Eating slugs all in a day's work

When you're a movie star you get to do all sorts of interesting things.

Eating slugs all in a day's work

When you're a movie star you get to do all sorts of interesting things.

Like learn how to speak to snakes in their own language and eat slugs.

That's what happened to young Daniel Radcliffe and Rupert Grint, who are back on our screens as Harry Potter and his pal Ron Weasley in Harry Potter and the Chamber of Secrets, the second in the blockbuster series of adventures about the junior wizards at Hogwart's Academy.
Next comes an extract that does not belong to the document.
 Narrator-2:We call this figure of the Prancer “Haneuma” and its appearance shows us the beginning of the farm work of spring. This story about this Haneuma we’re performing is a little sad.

A couple of Daniel's favourite scenes included the duelling scene between Snape and Gilderoy Lockhart (played by Belfast-born Kenneth Branagh) ... and the challenge of the Parseltongue scene: "It was in a completely different language because I had to speak to the snakes. It was hard to get a hold on at first, but I got used to it in the end."
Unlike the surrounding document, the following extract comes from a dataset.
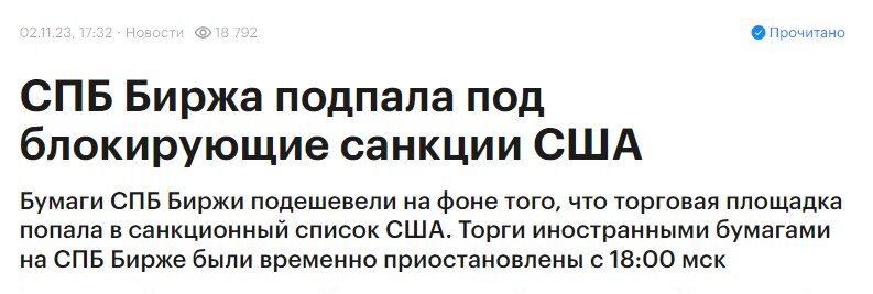 Вчера российский фондовый рынок был ошарашен неожиданной новостью о том, что США расширили SDN-list российских компаний, и среди прочих, под блокирующие санкции попала СПБ Биржа. На фоне этой новости акции самой компании начали резко падать, а торги иностранными бумагами были полностью остановлены с 18:00 2 ноября. Причем приостановили торговлю не только американскими бумагами, но и, например, гонконгскими, и даже российскими. Сама биржа распространила сообщение о том, что возобновить торги планируется в понедельник 6 ноября, а клиентские активы от санкций не пострадают. Оно было вот таким коротким, без какой-либо конкретики: Введенные санкции не затронут активы клиентов. Информацию о дальнейших действиях опубликуем в ближайшее время. Позднее появилось новое сообщение о том, что торги российскими бумагами будут восстановлены 3 ноября с 14:00. То есть, пока не ясно, что будет дальше, и сейчас можно только строить предположения. Многие эксперты фондового рынка, а также юристы уже усомнил

For Rupert it was the slug scene: "That was brilliant. They actually tasted really nice because they were all different flavours ... orange, lemon, peppermint and chocolate!"

The two - and co-star Emma Watson, who plays Hermione - are determined to continue playing their characters in future H.P. films, in spite of them even now looking more grown up than in the first Philosopher's Stone. Daniel, for instance, reckons he could make it through until the fifth film.

In the Chamber of Secrets, the trio are involved in more magical adventures that will captivate audiences. This film, says director Chris Columbus, who himself is stepping down from behind the cameras, is grittier, tougher and leaner since he had learned a lot making the first one: "What I found from the first film allowed me to use more visual freedom the second time around. We are still sticking strictly to J.K. Rowling's ethos, we're not turning the world upside down ... but I now know and understand visual effects better."

Daniel also loved all the action scenes and in several of them he did all his own stunts: "In the scene when I'm hanging out of the car window, that was actually me. I was dangling 25-30 feet in the air ... of course, there are some stunts they won't let me do!"

He had to do some workouts to keep up with the demands of the story: "I've had to do more physical training to be able to do the climbing and the sword-fighting."

The fact that the Chamber of Secrets is more scary than the first film didn't worry Daniel too much: "I was fine with it. I liked it and the fact that it was a darker, more edgy film. If you take away the darkness that is in the book, then you haven't done it justice."

And at the all-star bash to launch the movie for the world's press - with London's famous Guildhall turned into Hogwart's Great Hall - the question which brought a blush to the face of Emma concerned which of her co-stars she preferred. Diplomatically, she replied: "I can't say who Hermione would choose in the film, and as for real life, I'm much better at arranging other people's love lives."

Quick note for the trio's army of fans ... Daniel says he's flattered by all the fan letters he gets, but neither he nor Rupert have girlfriends!